● TASK ITEM
Copy exactly the lines from the line holding "Если же вы обладатель" through the end of the material, and no others; pictures stay out.

● SUPPLIED DATA
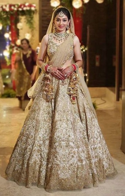 – If you are a modern bride, then an idea of wearing a sleeveless blouse with a traditional lehnga will be a good option for you. Take a single dupatta in a seedha palla style. Don’t forget to have the hands done in mehndi untill upper arm, as you are wearing a sleeveless cut.
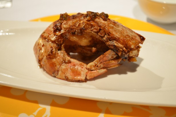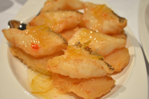 Then, live king prawns sauteed in soy sauce (ahem, premium light soy sauce, sorry), pan-fried cod filet with pomelo honey sauce, and crispy bean curd:
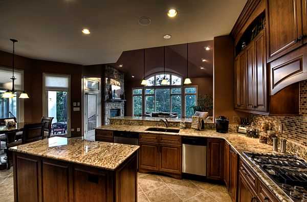 Если же вы обладатель большой кухни в частном доме — у вас есть замечательная возможность разместить все необходимое и оставить максимум свободного пространства. Важно лишь правильно расположить мебель, чтобы хозяйке было легко готовить еду и кухонные хлопоты не отнимали много времени. Так, к примеру на просторной кухне можно сделать П-образную планировку, благодаря которой останется много свободного места, что всегда хорошо. Отличной идеей будет установка острова на такой кухне. На данном острове при желании можно расположить мойку, плиту и другую необходимую технику. На особенно больших кухнях иногда устанавливают не один, а целых два острова, что очень удобно для большой семьи.
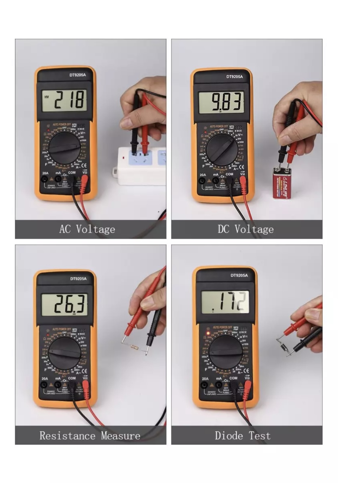 مولتی متر دیجیتال DT9205A با باتری و پراب مخصوص

● EXPECTED ANSWER
 Если же вы обладатель большой кухни в частном доме — у вас есть замечательная возможность разместить все необходимое и оставить максимум свободного пространства. Важно лишь правильно расположить мебель, чтобы хозяйке было легко готовить еду и кухонные хлопоты не отнимали много времени. Так, к примеру на просторной кухне можно сделать П-образную планировку, благодаря которой останется много свободного места, что всегда хорошо. Отличной идеей будет установка острова на такой кухне. На данном острове при желании можно расположить мойку, плиту и другую необходимую технику. На особенно больших кухнях иногда устанавливают не один, а целых два острова, что очень удобно для большой семьи.
 مولتی متر دیجیتال DT9205A با باتری و پراب مخصوص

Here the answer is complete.